Steven Michael Santini (born March 7, 1995) is an American professional ice hockey defenseman who is currently playing for the Springfield Thunderbirds in the American Hockey League (AHL) while under contract to the St. Louis Blues of the National Hockey League (NHL). He has also played for the New Jersey Devils and the Nashville Predators. He played for the Boston College Eagles men's ice hockey team of the NCAA Hockey East conference. Santini was selected by the New Jersey Devils in the 2nd round (42nd overall) of the 2013 NHL Entry Draft.

Playing career

Amateur
Santini spent his first two years of high school at John F. Kennedy Catholic High School in Somers, New York before moving to Ann Arbor, Michigan to participate in the USA Hockey National Team Development Program.

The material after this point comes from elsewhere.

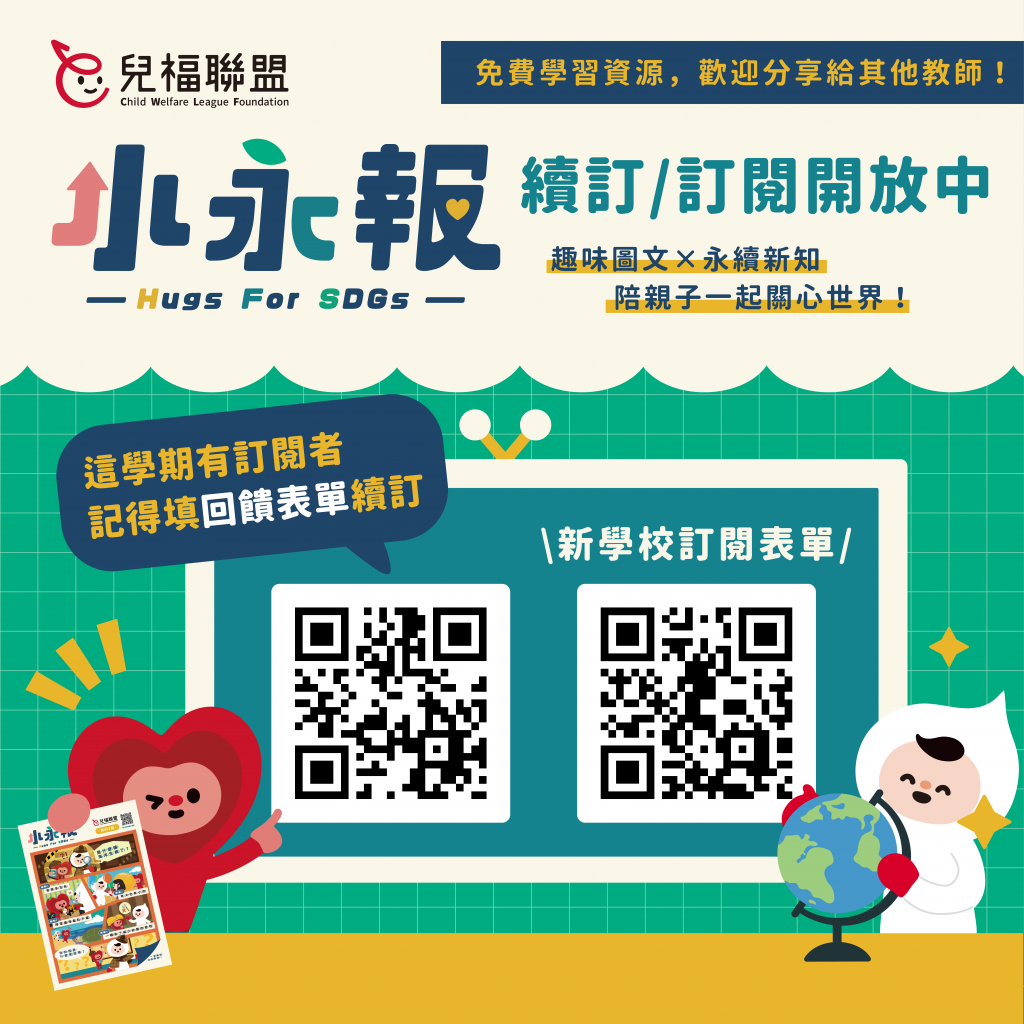 「SDGs兒童刊物:小永報」校園刊物續訂及免費申請辦法 (一)、小永報是一份以 SDGs 17項永續指標為基礎,轉譯國內外報導、連結學生生活議題,每期編排永續故事、思考問答及微型桌遊等單元,內文皆有注音,適合低中年級閱讀。114學年度上學期之小永報已於十二月初寄送完畢,下學期將進行刊物發行調整,由雙月刊改為月刊,同為月初出刊,逢寒暑假不寄送。 (二)、若您先前已訂閱過共讀紙本小永報、於上個學期已收到紙本之學校或班級教師,請務必於2025年12月31日前繳交回饋紀錄表,即完成下學期之續訂,若未繳交則會取消下學期之紙本寄送,詳細回饋格式與上傳表單請參: https://lihi.cc/BmcGE 。 (三)、即日起亦同步開放新學校申請114學年下學期之「小永報」校園共讀紙本,申請期限至115年1月16日截止。 (四)、為期待了解各校永續教育資源之需求,並發掘校內永續資源應用或創意議題教學,114學年申請辦法為「採先申請使用,後續於學年末分享回饋紀錄,即可免費申請及續訂下一學年之刊物」。詳細申請辦法及回饋紀錄格式,請參訂閱表單: https://lihi.cc/X19sK 。 (五)、共讀紙本限量開放,並以舊學校續訂為優先,敬請各校評估需求提出申請份數。如超過方案申請份數,將依填寫時間排序並通知未申請成功之申請人,填寫後無論是否成功訂閱紙本,都會定期收到電子書之更新信件,敬請善用小永報電子書,線上提供下載列印,亦有更多元的互動知識百科及影音動畫內容。如學校或班級教師為規劃永續課程教學,有單期過刊份數之需求,請洽詢:sdgs@cwlf.org.tw 或 (02)2558-6625分機53、12。 |
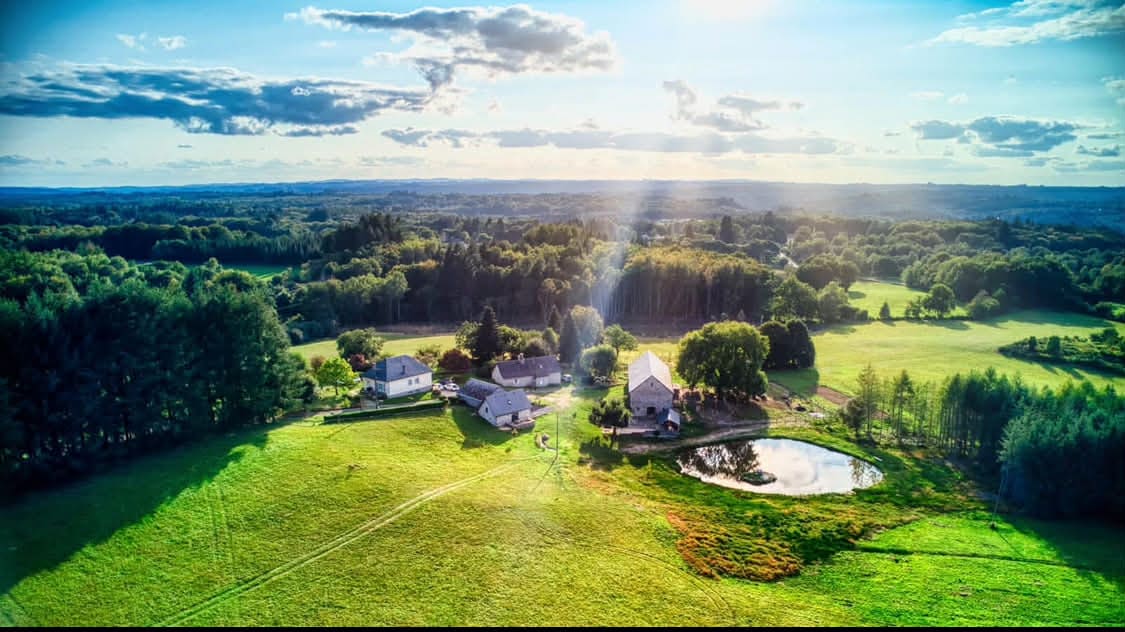 hameau privé de 34 ha sans aucun vis à vis et proche commerces où vous pourrez observer à toute heure la faune sauvage Oie , poule, lapin ⚠️ étang de 1000 m2 non clôturé Four à pain , terrain de pétanque Randonneur/pêcheur/amoureux de la nature et chasseur ce gîte et pour vous Parc à dispositions int/ext pour les chiens Jérôme est sculpteur de champignon en bois Option Ménage 50e bain nordique 30e par nuit départ ou d’arrivée différé 15€ Un segond logement à côté jusqu’au 15 au total

As a youth, Santini played in the 2008 Quebec International Pee-Wee Hockey Tournament with the New York Rangers minor ice hockey team.

Santini was rated as a top prospect who had been projected as a first round selection of the 2013 NHL Entry Draft. He trained with the USA Hockey National Team Development Program team from 2011 to 2013, and won a Silver Medal with Team USA at the 2013 IIHF World U18 Championships where he was named the tournament's best defenseman.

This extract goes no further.